Health authorities have been investigating the deaths of nine children in Madhya Pradesh and three in Rajasthan since early September, all suspected to be linked to the medicines they took.

While suspicion has centred on Coldrif, the latest inspections, initiated on Friday, will cover the manufacturing facilities of all the 19 drugs that the nine dead Madhya Pradesh children had collectively consumed during their illness, a health official said.

These drugs include anti-fever medications, antibiotics, an anti-nausea formulation and cough syrups, among others.

The home ministry said that Tamil Nadu’s drug regulatory authority had, on a request from the Madhya Pradesh government after the child deaths, taken samples of Coldrif, manufactured by Sresan Pharma in Kanchipuram, and tested them.

Drug regulators in Madhya Pradesh too collected 13 samples of the cough syrup, with the three samples analysed so far found to be free of DEG.

The results of the other samples are still awaited, an official said. However, the home ministry on Friday jumped the gun and announced the negative results. But the tests conducted in Tamil Nadu showed that the samples had DEG beyond permissible limits.

The manufacturing facilities under scrutiny are in Gujarat, Himachal Pradesh, Madhya Pradesh, Maharashtra, Tamil Nadu and Uttarakhand, the official said.

“The periodic emergence of DEG in our medicines suggests that we are just not learning lessons from the past,” said Ishwar Gilada, an infectious disease specialist in Mumbai who was the resident medical officer at the J.J. Hospital in Mumbai when DEG-contaminated drugs caused 14 deaths in 1986.

A panel of experts that investigated the deaths of at least 12 children in Udhampur, Jammu, during December 2019-January 2020 too had detected DEG contamination in cough syrup samples.

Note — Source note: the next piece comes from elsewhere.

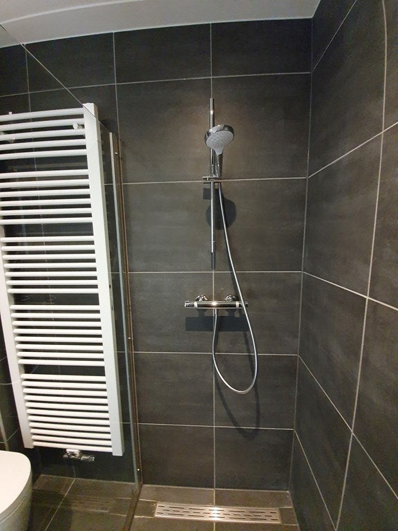 Das Badezimmer verfügt über eine begehbare Dusche und eine Toilette.

Health authorites in the Gambia had in 2022 linked the deaths of at least 66 children to cough syrups from an Indian firm, Maiden Pharmaceuticals, while Uzbekistan’s health ministry had linked at least 18 child deaths to a cough syrup from Marion Biotech.

These incidents had prompted the World Health Organisation to issue global alerts and call on countries to prevent, detect and respond to substandard and falsified medical products and take measures such as risk-based inspections, market surveillance and stronger enforcement.

The Central Drugs Standard Control Organisation (CDSCO), India’s apex drug regulatory authority, has since then conducted more than 900 risk-based inspections of manufacturing facilities across the country. It has cancelled or suspended licences, stopped production, or issued show-cause notices in over 690 cases.

But Prashant Reddy, a lawyer who has been tracking issues relating to drug quality, said statements from the ministry and the CDSCO lacked transparency and adequate follow-up information.

“There is almost no information in the public domain on what kind of transgressions were detected during those 900 inspections, whose licences were cancelled, or which products were stopped,” Reddy said. “Such information would potentially be useful to the public.”